杏 私の仕事は、どこかに出かけていって人と関わり合うことなんだ、というのをあらためて実感しました。それができないので、本当に何もやることがなくなってしまって……。でも、この「非日常」で感じたことはしっかり残しておきたいと、自粛期間中に日記をつけていました。お婆ちゃんになったときに、孫から「あの大変な時期をどう過ごしたの?」って、フィールドワークみたいな感じで質問された自分を想像しながら。

浅田 苦しいときに、そうやって客観的に自分を見つめられるのは、すごいなあ。作家は普段から自粛生活みたいなものだから、あまり変わらない(笑)。僕の場合はツイていて——と言うと語弊があるのだけれど、コロナ前にちょうど次の作品の取材が終わっていた。神様に、「お前は書斎に籠もって原稿用紙に向かえ!」と言われているような気持ちで仕事していましたよ。杏さん、お子さんは何人いらっしゃるんだっけ?

杏 4歳になる双子の女の子と、2歳半の男の子の3人です。

浅田 そりゃ、お母さんにとって一番大変なときだ。

杏 私、子育ての中で自分に言い聞かせているスローガンがあるんです。「戦国よりはマシ!」って。

浅田 ははは。それはまた、“歴女”の杏さんらしい言い回しだけれど、そのココロは?

杏 昔の子育てが、どれほど大変なものだったのか。例えば、『江戸の乳と子ども——いのちをつなぐ——』(沢山美果子著)という本があるんです。哺乳瓶も粉ミルクもない時代には、赤ちゃんにとって母乳だけが、文字通りの命綱でした。

浅田 お母さんのおっぱいが出なかったら、生きられなかった。

杏 にもかかわらず、地位の高い人に子どもが生まれると、村中から乳の出る女性が集められて、その結果、彼女たちは自分の赤ん坊におっぱいをあげられない、なんていうこともあったようです。

浅田 そういうつらさに比べたら、今はずっとマシじゃないか、と。

杏 多少のことでへこたれていちゃいけない、と自分に言い聞かせるんです。子どもがちょっとくらいご飯を食べなくても死ぬことはないでしょう、って。そういう話を友達にすると、「出た、杏の極論」って言われるんですけど。(笑)
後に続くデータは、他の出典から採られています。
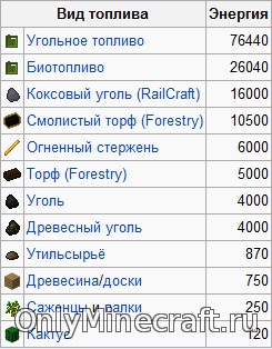 Топливом для ген. в Майнкрафт являются горючие предметы. Базовый ген. способен вырабатывать 10 еЭ/т. В таблице вы можете увидеть, насколько эффективны разные виды топлива.

浅田 いやいや、正しい歴史の学び方ですよ、それは。僕には、杏さんのお子さんと同じくらいの年の孫がいます。

杏 同居なさっているんですか?

浅田 いや、時々遊びに来る。でも、祖父が何をやっている人間なのか、まだよくわかっていないんだね。明日が締め切りっていうときに気配を感じて振り向くと、絵本を持って立ってるんだよ。「ご本読んで」って。(笑)

杏 あははは。かわいい。

浅田 この前、「今、ご本を書いてるからね。書き終わったら読んであげるから」と言ったら、「ご本を書いてる……?」と相当考え込んでましたね。そして、座敷童子みたいに、ふっといなくなった。

杏 おじいちゃんの仕事を、なんとなく理解したのかもしれませんね。

浅田 畳の部屋で胡坐をかいて、万年筆を走らせている図なんて、今の子どもにとっては、不思議以外の何ものでもないでしょう。「魔法使いの爺」くらいに思っているのかもしれない。杏さんのお子さんは、お母さんの職業を理解しているんですか?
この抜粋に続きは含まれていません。